Save you? How can I save you? It already HAPPENED !
However, at the end of the film, when he discovers the true culprit of the virus spreading, he forgets that history cannot be changed; if he can really kill the virus spreader, wouldn't it change history? Therefore, he is destined not to be a hero to save mankind, because mankind has been destroyed and cannot be saved. Cole wanted to change history, but unknowingly proceeded along the path of destiny set for him by history-and his death was actually part of this history. Theseus in Greek mythology was judged by the oracle to kill his father. His father fled to a remote island in fear, but unexpectedly, while watching the local competition, he was thrown to death by a discus thrown by Theseus who happened to be competing. . King Oedipus left his hometown because of the oracle of killing his father and marrying his mother since he was a child, and eventually returned to his homeland under the lead of fate, and fulfilled the oracle without knowing it. The death of Cole is full of ancient Greek tragedy: whether the hero in the tragedy is active (such as Cole) or passive (such as the father of Theseus), or unconscious (such as Oedipus), the wheel of fortune They will be crushed to pieces as always.

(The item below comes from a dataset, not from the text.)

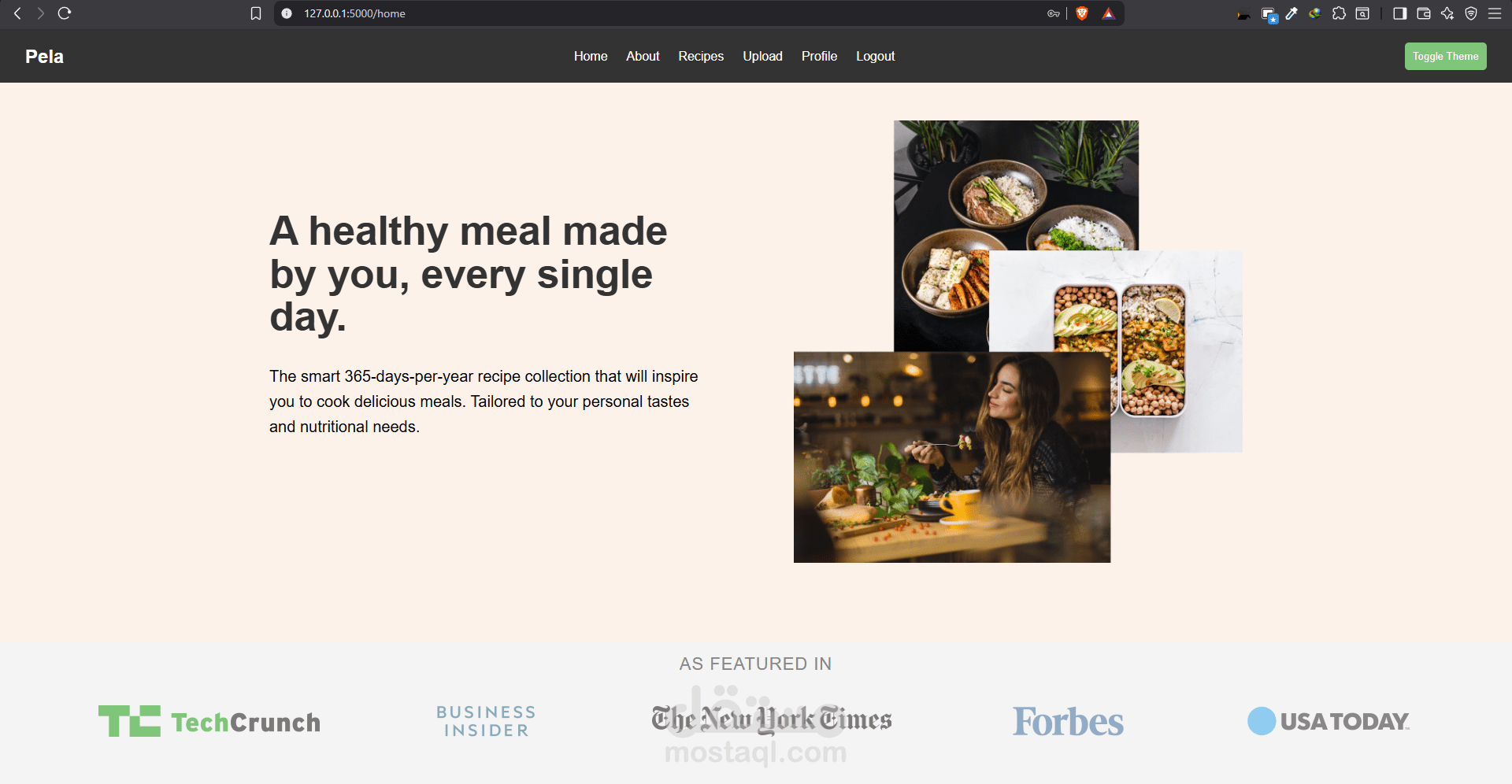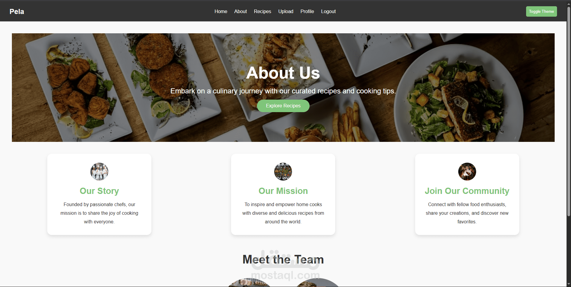 Frontend: واجهة مستخدم تفاعلية مبنية بـ HTML, CSS, وJavaScript لعرض الوصفات بطريقة جذابة.
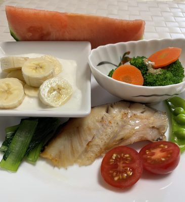 365日クッキング 5月6日の朝ごはん(鯵の開きの湯煮とビタミン大根のおろし) その1 銀鮭の西京味噌焼にプチトマトとエンドウ、小松菜のお浸し、ブロッコリーの胡麻だれに人参の甘煮、ヨーグルトとバナナ、すいか。 選択制の朝...

Coincidentally, Kasandra, a female prophet in Greek mythology, was mentioned in the film through the mouth of Dr. Leli. She can predict the future of pink in the red small words, but cannot change the future, because people put her prediction pink in the red small words. Ignore it as crazy. Cole is really a combination of Cassandra and Oedipus. He can predict the future in pink, but he is regarded as a lunatic like Cassandra; he wants to change the future, but like Oedipus. Become a doll of destiny. For Cole, "history" is the fate in Greek mythology, which cannot be broken away. History is history, written in black and white; and as the poet at the beginning of the film said, "Nor all your Piety or Wit Shall lure it back to cancel half a Line, Nor all your Tears wash out a Word of it." Whether it was piety or wisdom, or Reilly's sad tears, none of this could be changed. Because of this, <> is a real tragedy, and <> is just a shallow fairy tale. In <>, the prototype of the supercomputer is destroyed by robots from the future, and the future is completely changed. So what will happen to that dark and skyless future? Is the sun shining in an instant, or the whole smoke disappears?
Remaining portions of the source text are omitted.